Sorry I thought I was a lizard earlier.
I left my keys in the garlic bread freezer in Publix.
Weird shit dude, I just realized that the girl I fucked last night looks like Shaun White's twin sister. I dunno if I should be scared or turned on
I hope her Double McTwist was as good as his
I woke up at 3am naked and stroking a watermelon.
My face smells like vagina and Im on my way to court. Fuck.
She talked about nothing but beanie babies for 45 minutes. I'm never getting high with her again.
I take your lack of response to mean that your hands are taped to 40 ounces of something.
I slept with a married guy last night and then broke my toe on the doorframe on the way out. I've never seen karma work so fast.
Instead of medicine they should just give ecstasy. Also I'm tingly and can't find u guys. A gay man just said he loved me... :( / :)

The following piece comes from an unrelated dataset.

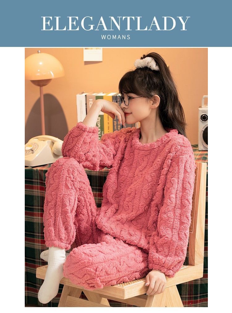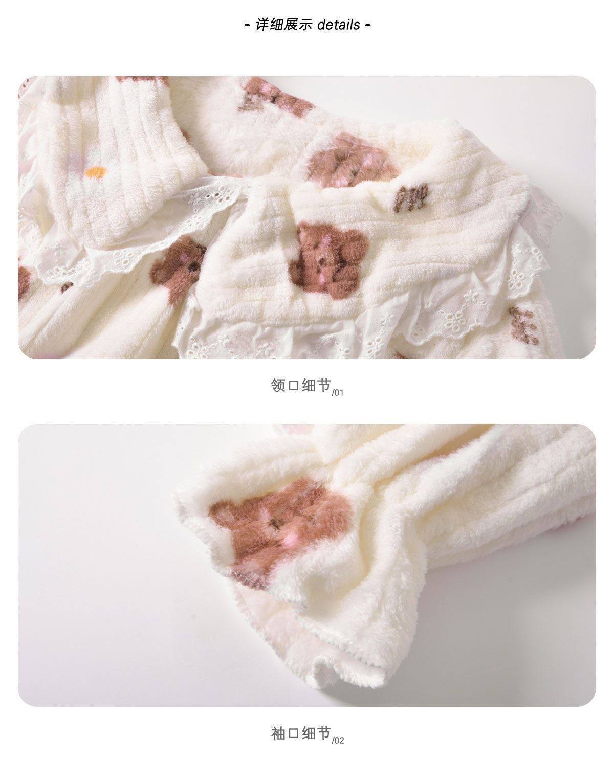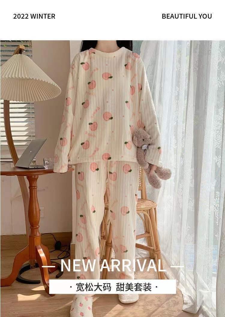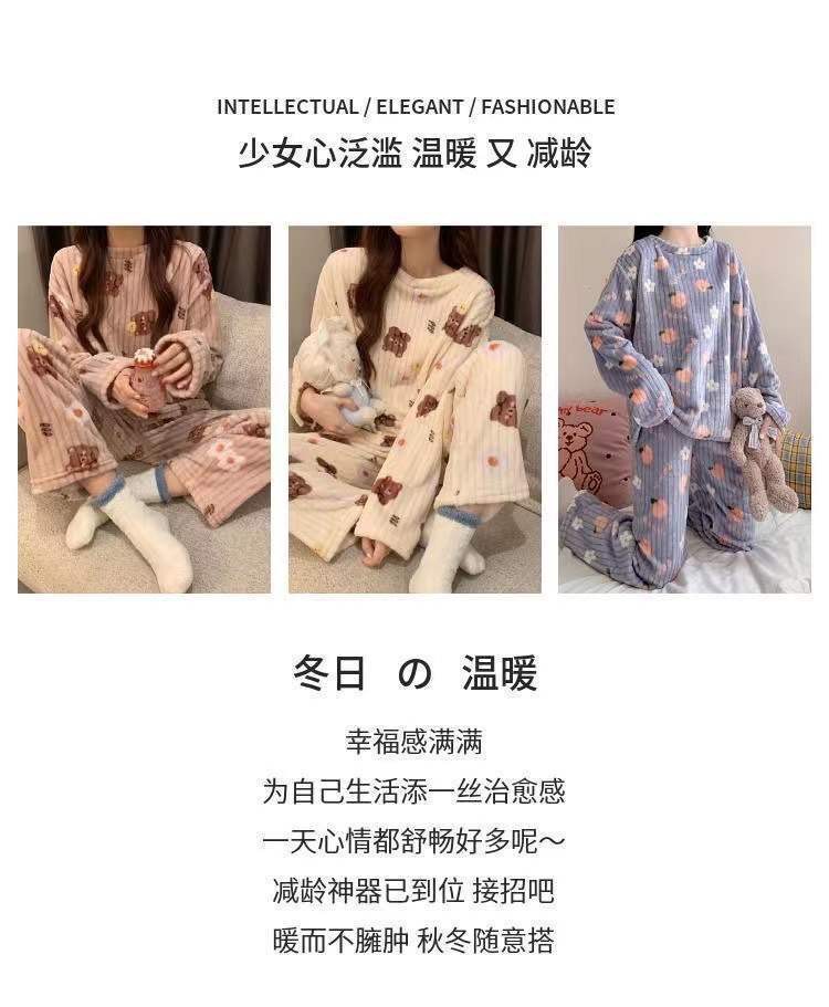 2025 가을, 겨울 산호 벨벳 잠옷 홈웨어 플란넬 대형 두꺼운 귀여운 패션 롱 가디건 여성용 세트스토어 가기

I got into a fight with the dude who fell asleep on my couch bc he wouldn't wake up but managed to get a lunch date set for thurs with another guy by the time he finally left. So how's your day so far?
day drinking caused me to be in bed at a decent time. can't complain.
Someone stole a lamp last night.
You didn't throw up on me, you threw up on yourself and then tried to give me a hug
Doing blow in the bathroom isnt the same without you
Do a rail off the baby station in my honor
dude it was our first time and her hair caught on fire from the candles on the nightstand
There is no way that actually happened!
the smell of burnt hair covered up the sweaty sex smell.